> Goal of the exercise
In the data below, find the line containing "Κάθε πρωί, 8" and the line containing "nn/ Zei/erKoim ////", then reproduce them and every line between, exactly. Omit pictures.

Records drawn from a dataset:
────────────────

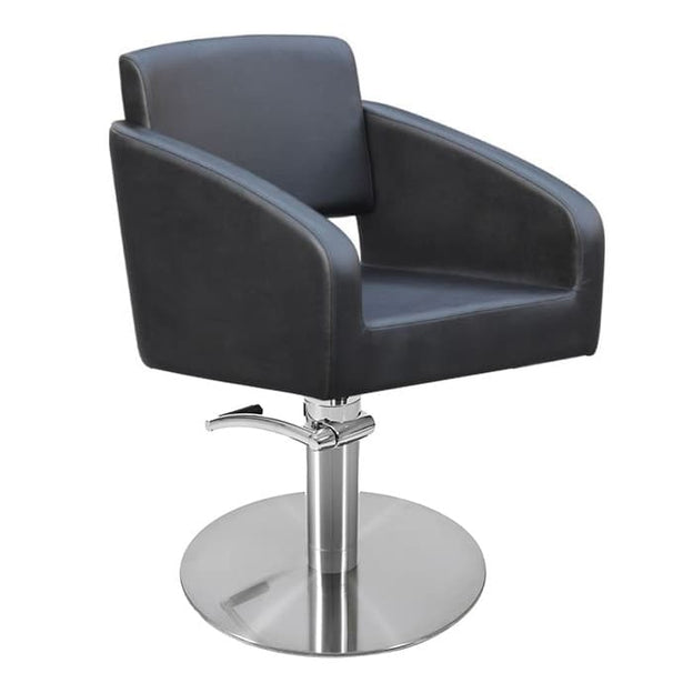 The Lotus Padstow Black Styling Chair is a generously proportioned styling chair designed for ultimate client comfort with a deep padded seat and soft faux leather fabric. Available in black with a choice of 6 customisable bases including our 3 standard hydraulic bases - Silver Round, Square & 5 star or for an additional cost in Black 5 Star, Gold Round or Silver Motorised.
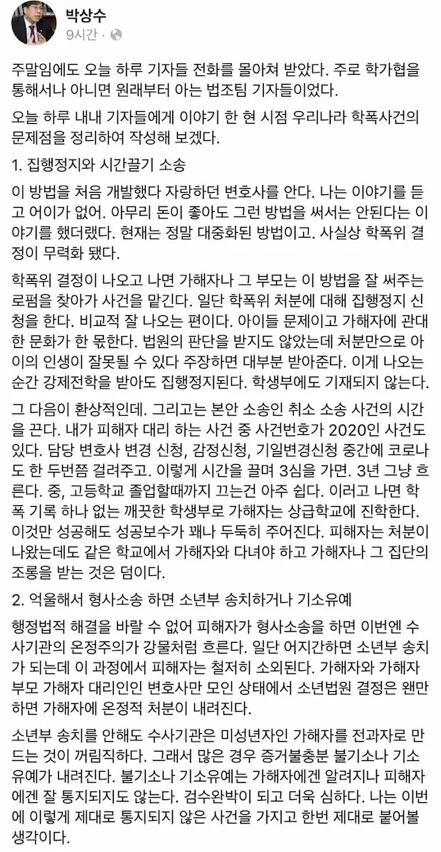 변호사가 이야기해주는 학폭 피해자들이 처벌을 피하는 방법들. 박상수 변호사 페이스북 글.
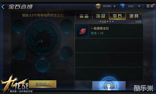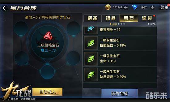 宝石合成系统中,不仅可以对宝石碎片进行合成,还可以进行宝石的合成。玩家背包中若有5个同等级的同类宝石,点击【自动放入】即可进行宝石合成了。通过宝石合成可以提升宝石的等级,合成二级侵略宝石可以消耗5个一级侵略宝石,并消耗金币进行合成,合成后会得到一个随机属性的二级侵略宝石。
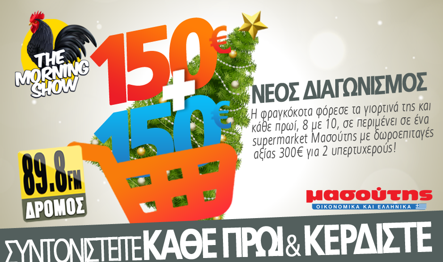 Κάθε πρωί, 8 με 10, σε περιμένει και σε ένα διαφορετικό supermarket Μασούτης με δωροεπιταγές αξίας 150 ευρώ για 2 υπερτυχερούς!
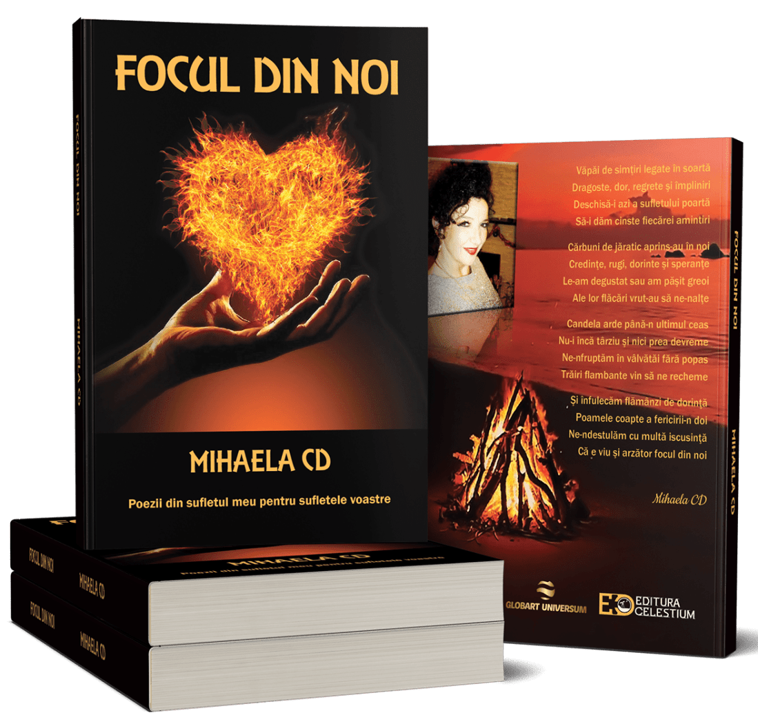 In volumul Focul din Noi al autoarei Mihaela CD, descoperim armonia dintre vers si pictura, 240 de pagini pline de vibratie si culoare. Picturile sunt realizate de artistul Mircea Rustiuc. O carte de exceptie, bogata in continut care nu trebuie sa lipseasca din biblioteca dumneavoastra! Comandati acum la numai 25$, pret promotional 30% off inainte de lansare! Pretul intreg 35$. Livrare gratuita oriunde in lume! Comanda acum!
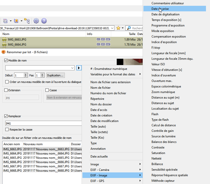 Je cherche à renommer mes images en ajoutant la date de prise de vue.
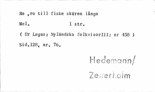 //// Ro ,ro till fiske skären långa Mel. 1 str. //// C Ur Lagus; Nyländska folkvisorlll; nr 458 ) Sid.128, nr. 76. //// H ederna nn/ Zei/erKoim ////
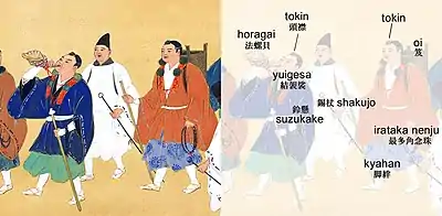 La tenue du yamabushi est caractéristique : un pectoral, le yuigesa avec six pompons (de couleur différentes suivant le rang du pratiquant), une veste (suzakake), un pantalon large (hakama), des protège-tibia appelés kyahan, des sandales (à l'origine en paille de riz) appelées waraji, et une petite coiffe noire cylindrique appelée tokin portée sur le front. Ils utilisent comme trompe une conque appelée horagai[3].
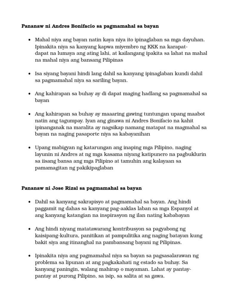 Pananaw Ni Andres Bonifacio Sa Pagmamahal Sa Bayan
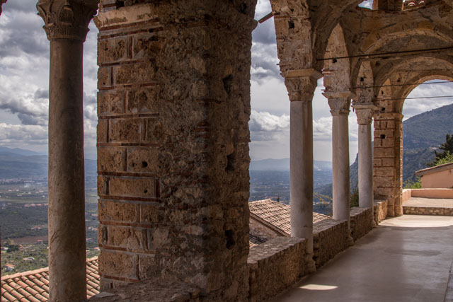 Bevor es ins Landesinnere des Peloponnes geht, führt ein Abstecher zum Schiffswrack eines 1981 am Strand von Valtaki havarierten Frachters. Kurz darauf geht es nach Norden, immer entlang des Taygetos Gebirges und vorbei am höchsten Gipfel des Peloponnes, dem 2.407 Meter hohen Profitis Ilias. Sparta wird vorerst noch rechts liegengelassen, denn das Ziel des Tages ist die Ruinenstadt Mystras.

────────────────

> Problem solution
 Κάθε πρωί, 8 με 10, σε περιμένει και σε ένα διαφορετικό supermarket Μασούτης με δωροεπιταγές αξίας 150 ευρώ για 2 υπερτυχερούς!
 In volumul Focul din Noi al autoarei Mihaela CD, descoperim armonia dintre vers si pictura, 240 de pagini pline de vibratie si culoare. Picturile sunt realizate de artistul Mircea Rustiuc. O carte de exceptie, bogata in continut care nu trebuie sa lipseasca din biblioteca dumneavoastra! Comandati acum la numai 25$, pret promotional 30% off inainte de lansare! Pretul intreg 35$. Livrare gratuita oriunde in lume! Comanda acum!
 Je cherche à renommer mes images en ajoutant la date de prise de vue.
 //// Ro ,ro till fiske skären långa Mel. 1 str. //// C Ur Lagus; Nyländska folkvisorlll; nr 458 ) Sid.128, nr. 76. //// H ederna nn/ Zei/erKoim ////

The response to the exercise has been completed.